# Loop 5 LB Feedback Analysis

## Critical Finding: Stacking FAILED on LB

| Exp | Model | CV | LB | Gap | Survival Rate |
|-----|-------|-----|-----|-----|---------------|
| exp_003 | Threshold-Tuned Ensemble | 0.8373 | 0.7847 | +5.26% | 31.1% (130) |
| exp_004 | Stacking (5 base + XGB meta) | 0.8373 | 0.7631 | +7.42% | 31.3% (131) |

**Stacking performed WORSE by 2.16% (9 passengers) despite identical CV!**

This is a critical insight - stacking added complexity without benefit.

In [None]:
import pandas as pd
import numpy as np

# Load all submissions for comparison
submissions = {
    'exp_000': {'path': '/home/code/submission_candidates/candidate_000.csv', 'lb': 0.7584, 'cv': 0.8316, 'name': 'XGBoost (13 features)'},
    'exp_001': {'path': '/home/code/submission_candidates/candidate_001.csv', 'lb': 0.7775, 'cv': 0.8238, 'name': 'Simple RF (7 features)'},
    'exp_003': {'path': '/home/code/submission_candidates/candidate_003.csv', 'lb': 0.7847, 'cv': 0.8373, 'name': 'Threshold-Tuned Ensemble'},
    'exp_004': {'path': '/home/code/submission_candidates/candidate_004.csv', 'lb': 0.7631, 'cv': 0.8373, 'name': 'Stacking (5 base + XGB meta)'}
}

for exp_id, info in submissions.items():
    df = pd.read_csv(info['path'])
    survivors = df['Survived'].sum()
    rate = df['Survived'].mean() * 100
    gap = info['cv'] - info['lb']
    print(f"{exp_id}: {info['name']}")
    print(f"  CV: {info['cv']:.4f}, LB: {info['lb']:.4f}, Gap: +{gap:.4f}")
    print(f"  Survivors: {survivors} ({rate:.1f}%)")
    print()

In [None]:
# Compare exp_003 (best LB) vs exp_004 (stacking)
best = pd.read_csv('/home/code/submission_candidates/candidate_003.csv')
stacking = pd.read_csv('/home/code/submission_candidates/candidate_004.csv')

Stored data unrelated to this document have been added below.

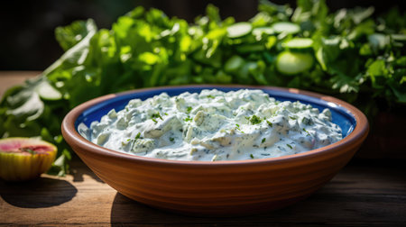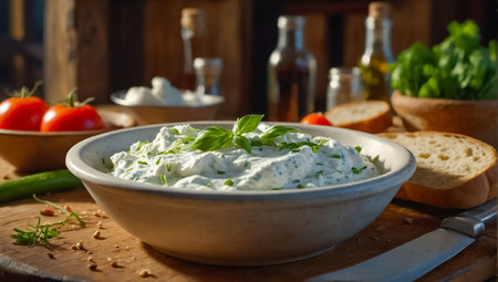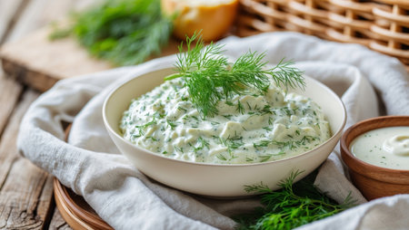 Creamy tzatziki is served in a rustic bowl, garnished with fresh dill and mint, creating a refreshing and flavorful appetizer or side dish, perfect for mediterranean cuisine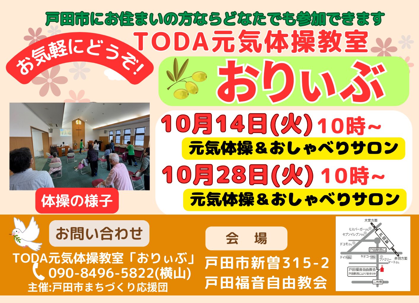 毎月第2、第4火曜日10時から教会を会場に「TODA元気体操」が行われています。いつまでも健康で、現在の生活を維持するためにご参加ください。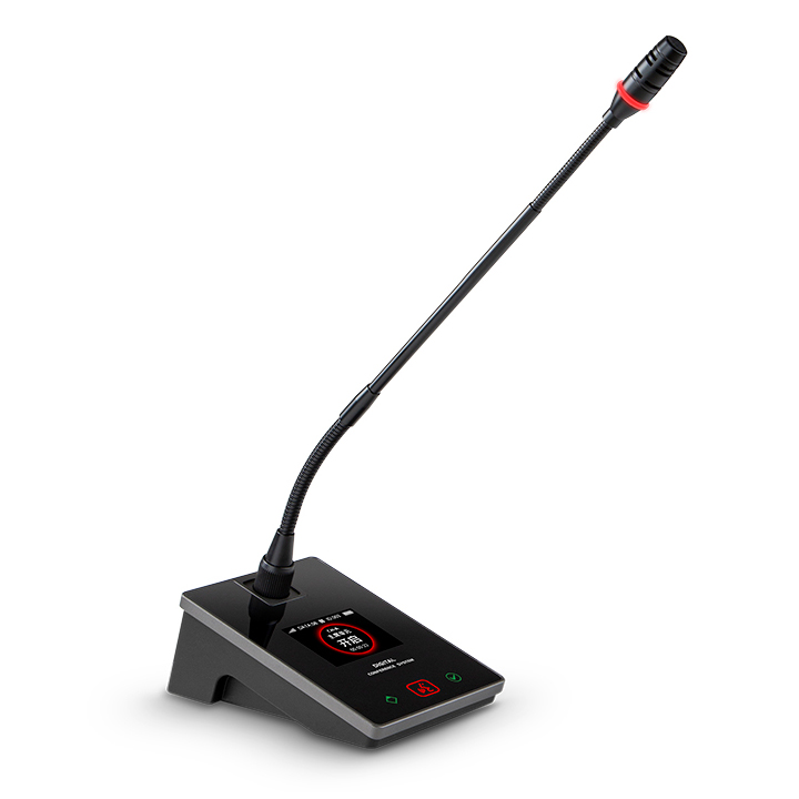 • 金属面板设计,整体高档庄重,符合现代审美标准 • 内置完全隔离的主麦克风及备份麦克风,两路音频信号同时输出 • 话筒头部带双色发言灯环,单元发言时灯环为常亮红色 • 单元申请发言时灯环为常亮绿色 • 灵敏的触摸式开关,待机未按时图案常亮发光绿色,按下后图案常亮发光红色 • 2.4寸高亮度IPS TFT显示屏,显示内容清晰 • 话筒带发言计时功能 • 侧边带机械式电子音量开关,可单独调节话筒发言音量 • 发言单元可申请茶水、纸笔、帮助等服务 • 主席单元具有批准代表的发言申请功能 • 主席单元具有全权控制会议秩序的优先功能

# Merge and find differences
comp = best.merge(stacking, on='PassengerId', suffixes=('_best', '_stack'))
diff = comp[comp['Survived_best'] != comp['Survived_stack']]

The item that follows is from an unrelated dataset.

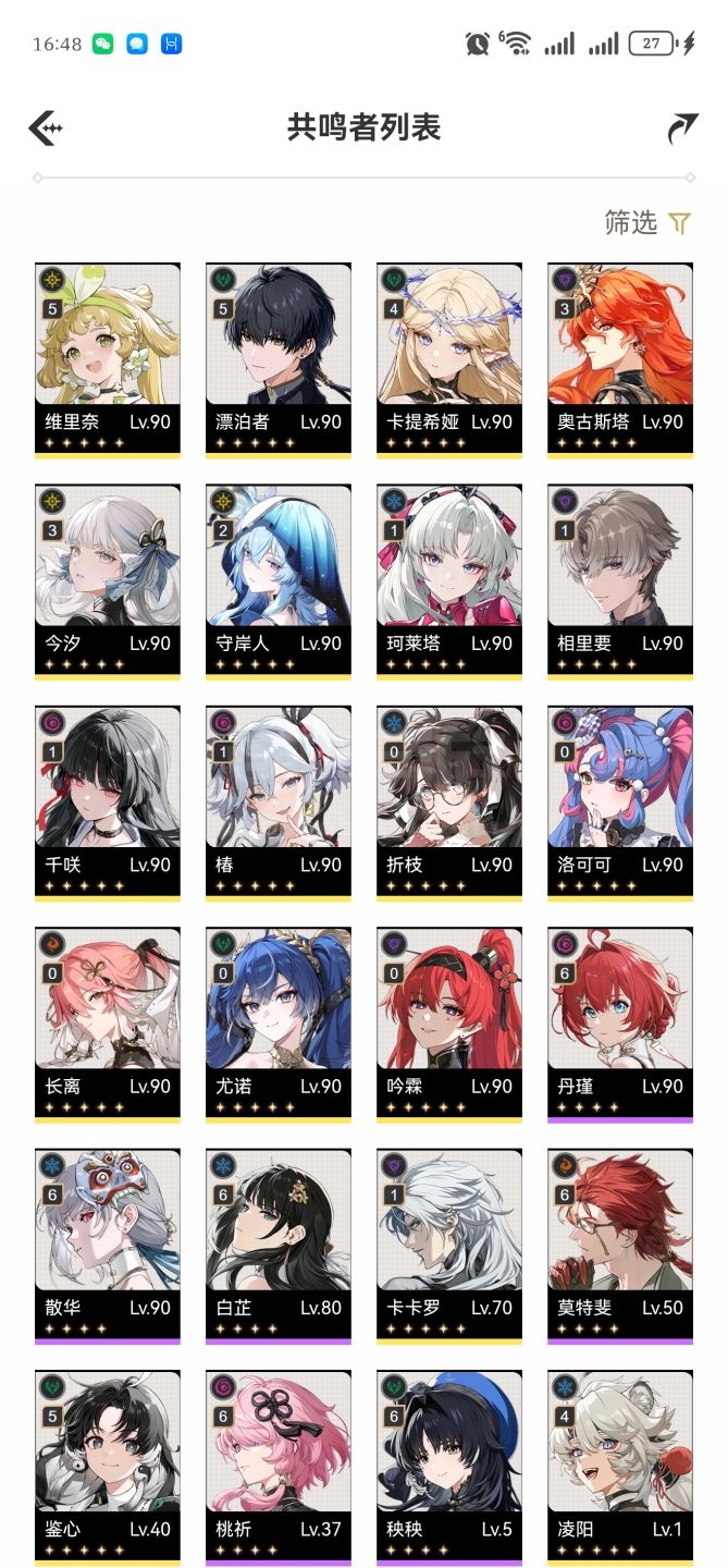 4+1卡提3+1今汐3命奥古,2命守岸人1命小土豆,千咲,相里要,椿。0命尤洛,洛可可长离折枝,吟霖

print(f"Predictions that differ: {len(diff)} out of 418 ({len(diff)/418*100:.1f}%)")
print(f"\nBest LB (exp_003) survivors: {best['Survived'].sum()}")
print(f"Stacking (exp_004) survivors: {stacking['Survived'].sum()}")

# Breakdown of differences
best_only = diff[diff['Survived_best'] == 1]  # Best predicted 1, Stacking predicted 0
stack_only = diff[diff['Survived_stack'] == 1]  # Stacking predicted 1, Best predicted 0

print(f"\nDifferences breakdown:")
print(f"  Best=1, Stack=0: {len(best_only)} passengers (Best was right if they survived)")
print(f"  Best=0, Stack=1: {len(stack_only)} passengers (Stack was right if they survived)")
print(f"\nPassenger IDs where they differ:")
print(f"  Best=1, Stack=0: {list(best_only['PassengerId'].values)}")
print(f"  Best=0, Stack=1: {list(stack_only['PassengerId'].values)}")

In [None]:
# Load test data to analyze differing passengers
test = pd.read_csv('/home/data/test.csv')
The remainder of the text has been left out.